Di Indonesia, 22 Desember kerap diperingati sebagai Hari Ibu. Namun, maknanya sering menyempit menjadi perayaan domestik, bunga, ucapan manis, dan pengagungan peran ibu sebagai pengasuh semata. Ini tidak salah juga, namun sebenarnya makna hari ibu sebenarnya lebih dalam dari hal-hal seperti tadi. Sejarah mencatat bahwa tanggal ini lahir dari konteks yang jauh lebih luas dan mendasar.

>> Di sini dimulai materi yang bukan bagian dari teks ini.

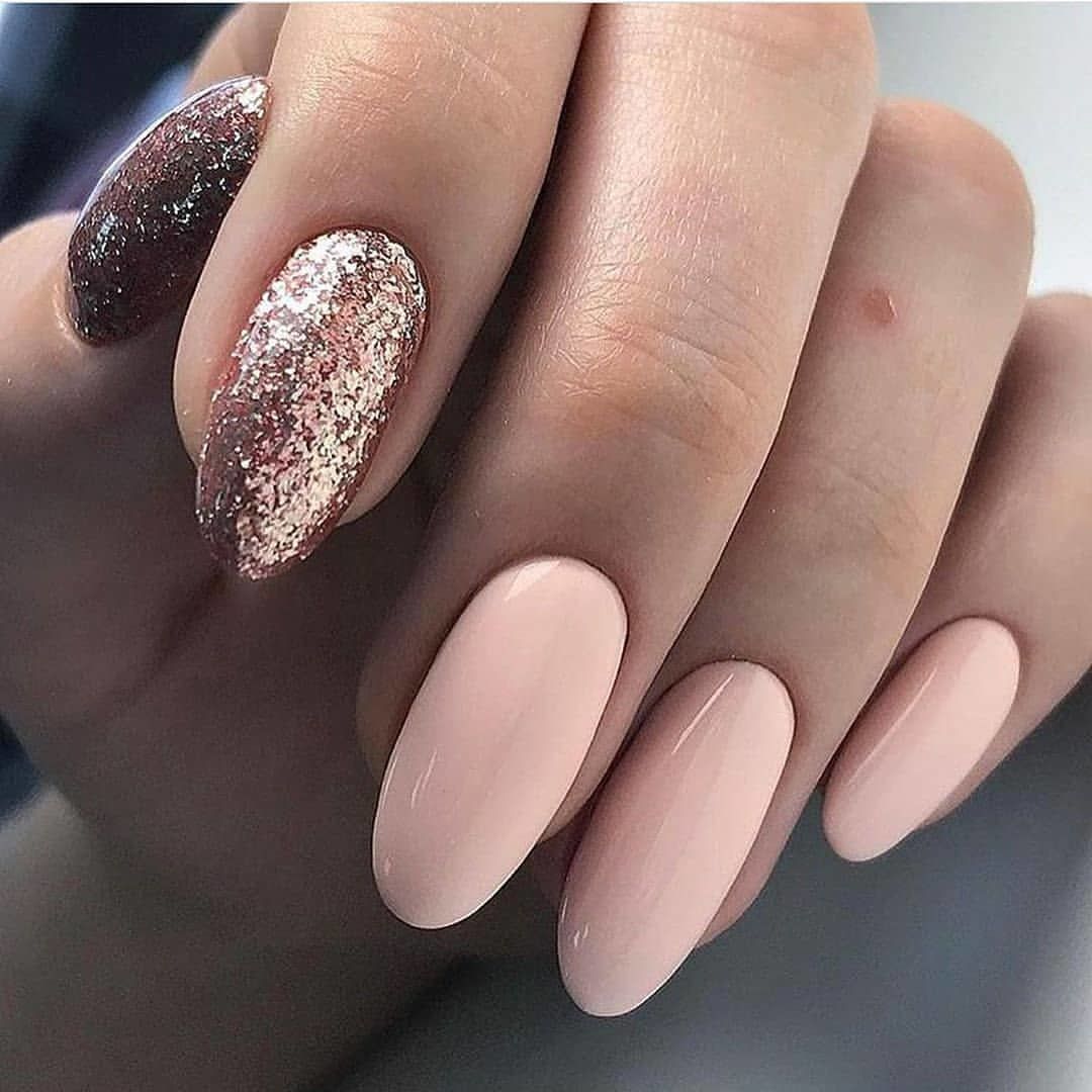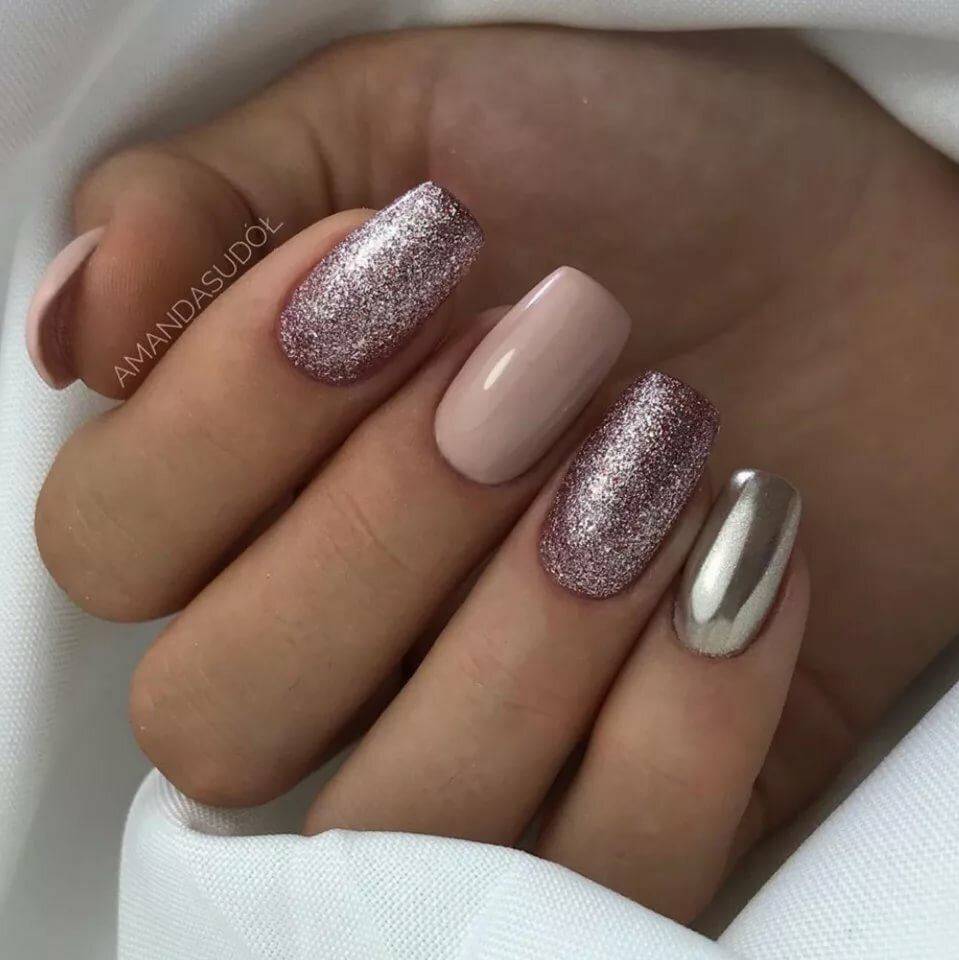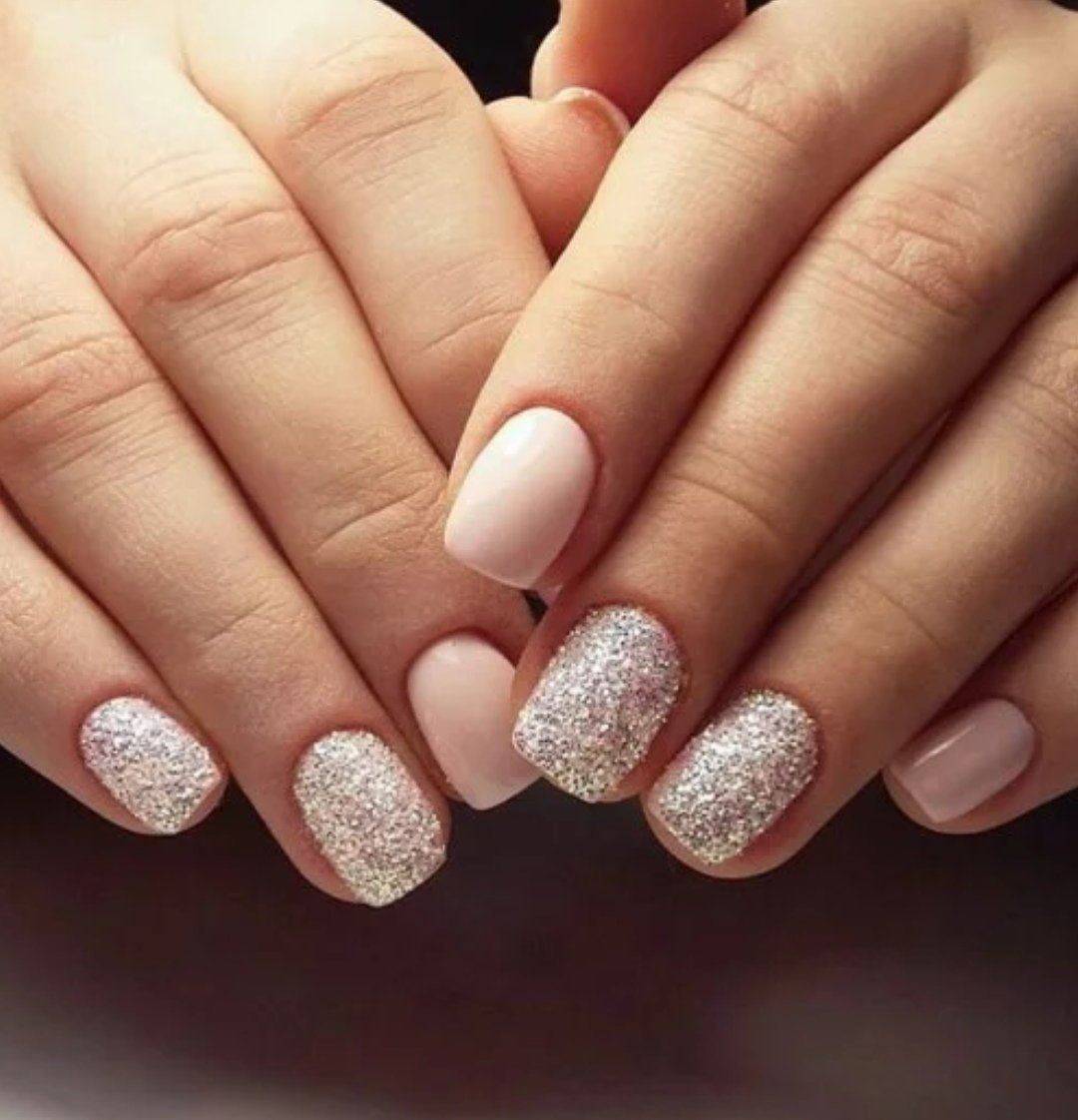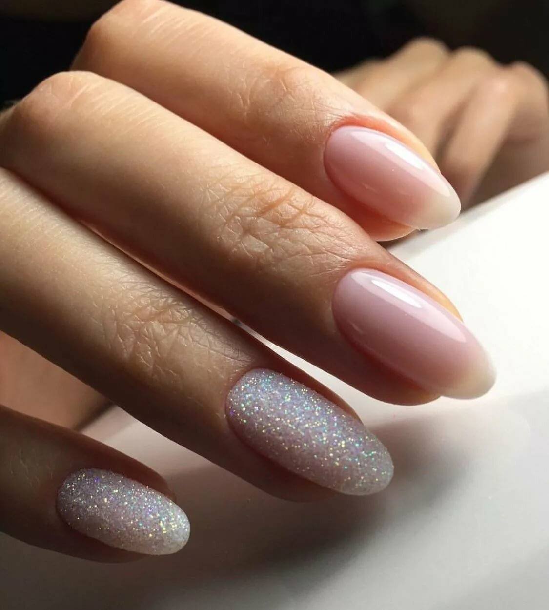 Если вы хотите сделать ногти с ярким акцентом, но при этом на базе нюд, то лучше всего подойдут блестки! Это отличный вариант как для длинных, так и для коротких ногтей. Вот несколько вариантов, которые помогут вам добавить блесток в ваш образ:

Tanggal 22 Desember berakar pada Kongres Perempuan Indonesia 1928, sebuah peristiwa penting yang menandai tumbuhnya kesadaran perempuan Indonesia sebagai subjek bangsa. Kongres tersebut tidak berbicara tentang sentimentalitas, melainkan tentang persoalan konkret yaitu pendidikan, perkawinan, hak sosial, dan martabat perempuan dalam masyarakat yang sedang membangun diri menuju kemerdekaan.
Dalam pengertian itulah, Hari Ibu sejatinya adalah hari kesadaran. Kesadaran bahwa perempuan bukan hanya penjaga rumah tangga, tetapi juga penjaga nilai. Bukan semata pengasuh generasi, melainkan pembentuk arah sosial. Perempuan hadir dalam sejarah bukan sebagai pelengkap, melainkan sebagai penggerak, di bidang pendidikan, kesehatan, budaya, ekonomi, hingga perjuangan kebangsaan.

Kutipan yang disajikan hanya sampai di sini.